ON Feb. 10, 1991, two days after undergoing initiation rites in the hands of his Aquila Legis fraternity brothers, 22-year old Ateneo Law School student Leny Villa passed away.

The tragic death of Leny Villa led to the birth of the Anti-Hazing law in 1995. Yet, according to CNN Philippines, in the last 22 years since the Anti-Hazing Law was passed, there have been 18 deaths, 393 suspects and just 1 conviction.

Many cases don’t prosper due to lack of witnesses or due to complainants withdrawing charges. Perhaps, the odds are stacked up against the complainants. How does one really expect to win a conviction amongst a judiciary replete with brothers?

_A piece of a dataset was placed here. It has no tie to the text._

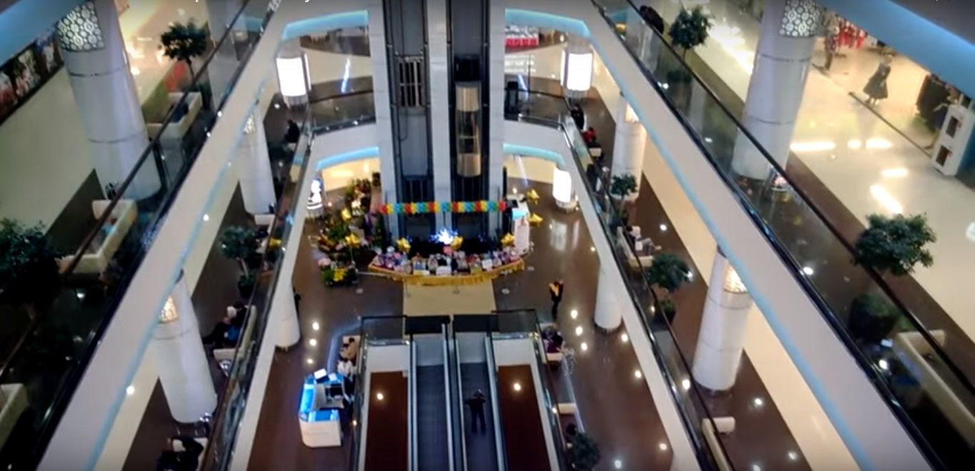 Viele Besucher bewundern das ungewöhnliche Dach des Gebäudes - es hat die Form einer Kuppel, durch die man den Himmel sehen kann. Auf der obersten Etage befindet sich ein Erholungsgebiet - ein Kino mit 10 Sälen und ein Food-Court-Bereich.

But let’s take a look at Congress too. How many of our legislators are fraternity members? Is this why our Anti-Hazing law remains spineless? How effective can it be, after all, when it doesn’t actually ban hazing outright?

Why does hazing still exist today? Why do young men continue to die of hazing?

Could it be because some of the people who sit in the most crucial positions in the country, the foremost leaders of our nation as well as our academic institutions—those who truly have the power to change things and to stop the killings—have, at one time in their lives, been perpetrators of hazing?

Why have so many stayed silent? The silence is not about cowardice or even indifference. It’s about something worse—it’s about shared guilt. Hence, the inaction, the lack of political will to ban the barbaric practice in all academic institutions and to legislate it out of existence.

The body of 22-year old University of Santo Tomas Law freshman, Horacio “Atio” Castillo III was found last September 17, wrapped in a blanket, dumped in the sidewalk. His grief-stricken parents believe he died of injuries sustained from hazing at an Aegis Juris fraternity welcome party.

Why do men—young, intelligent and godly, parcel off their minds, souls and bodies to gain admission to fraternities? Why sacrifice your “self” to be part of a herd?

Why do men—young, intelligent and godly, beat their brothers to death? Is it because they believe that partaking in such a brutal activity cements their bonds as brothers? Is it because they believe such extreme initiation rites successfully weeds out the weak? Is it because they believe undergoing such inhumane rituals produces better men?

Hazing is not a rite of manhood. Hazing is a crime against humanity. Those who humiliate, degrade and injure, those who mutilate, maim and murder—these are not men of honor. These are men who have sold their souls to the Devil.

Becoming a beast doesn’t make one, a better man, or a man, at all. But sometimes, one is so consumed with proving one’s manhood, he loses sight of his humanity.

If you want to be a man, find the courage to be a human being first.